I'm impressed with how well he's keeping his obvious frustration and anger in check.

"Shit, you gotta know just because his mom was some sort of 'athlete'—" I make my voice sound as mocking as possible, and fight the urge to throw up, "—don't mean he's good for jack all. I gotta kick his ass just to get him to clean this house, even though he's living here rent free out the goodness of me and my wife's hearts."

It's not too hard coming up with the script; I'm just repeating the same crap Aunt Kathy said all the time.

Coach's angry now. His voice shakes, but he still keeps it together. "I understand his presence must be a hardship for you. He's lucky you're so charitable." He practically spits the word. "We're prepared to take him off your hands. He would be living in the dorms year-round."

"I ain't paying for that boy to go off and live all high and mighty."

"There are scholarships available," Coach replies, and I can breathe easier. He'd mentioned them before, but hadn't given me enough information to know how much of the expenses they'd cover.

"I ain't messing around. Not a dime. You want the brat, you gotta feed him, house him, everything. And I don't want to see his ass back here again. You said year-round. He's been ruining our family's holidays ever since his mom got herself killed, and I don't want him darkening our door again."

I have the sense that Coach wants to reach through the phone and strangle me at this point. I don't actually feel bad about this; I'm being way nicer than my actual family would be. "There are host families he can stay with over holidays, when the dorms are closed. And yes, his scholarship will cover everything. Room and board, dining priviledges, you won't have to worry about a thing. As long as you sign his forms and get him to Sounders stadium by the end of the week, we'll take care of everything else."

"Hmph," I grunt again, for good measure. "Fine. He's all yours. Don't come crying to me when you realize you made a mistake. His half-sister is his emergency contact. Call her from here on out. We already wasted years of our life on the bastard. She's old enough to deal with it now. I'll stick him on a bus, and then hell, we'll throw ourselves a fucking party."

That's the final straw for poor Coach. "I expect we'll have a party of our own, ten months from now when Aidan Kane, one of the most hardworking, talented, passionate young men I've ever had the privilege to meet, helps us secure our very first National Championship trophy." Coach's voice hardens. "I assure you, your presence will not be required.

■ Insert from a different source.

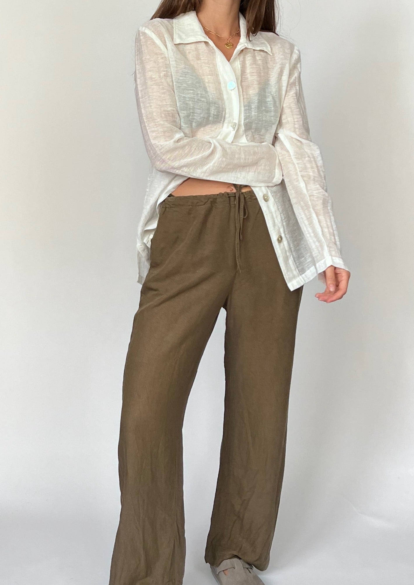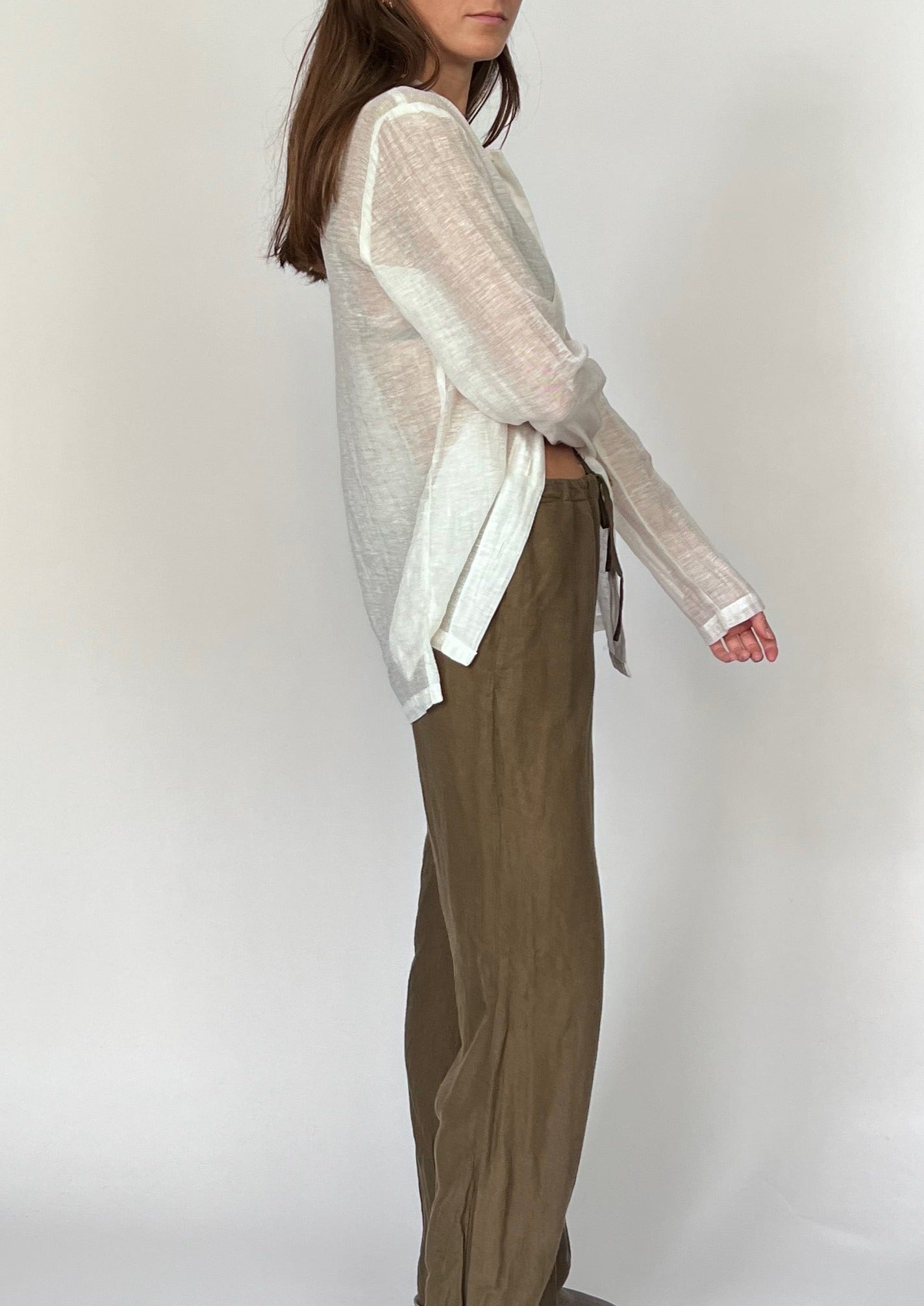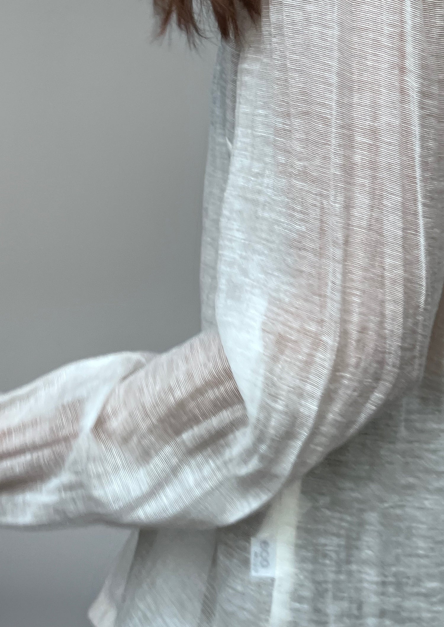 90s white sheer shirt. Features side splits, shell button fastening and long slim sleeves. Has a very slightly sheen to the fabric.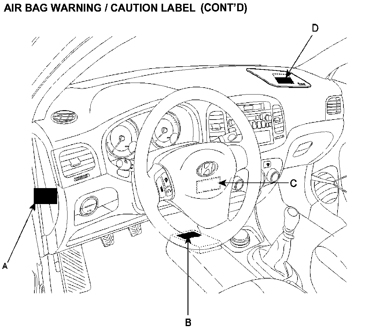 Air Bag Warning/Caution Label (Continued):

In fact, I rather insist you never come near this child again. You don't deserve to breathe his air."

"Fucking hell if I let you talk to me this way. Never call here again. The bastard will be there tomorrow."

"Which bus—" Coach tries to ask, but I hang up, heart pounding.

Phase Two complete.

I manage to delete the app, return the phone to the nice old lady, and get into the privacy of some trees, before the stress and insanity of the day and the fierce protectiveness from Coach that I hadn't expected and don't know how to deal with, all catch up to me, and I end the day the same way I started it.

I puke my guts out, and prepare to run.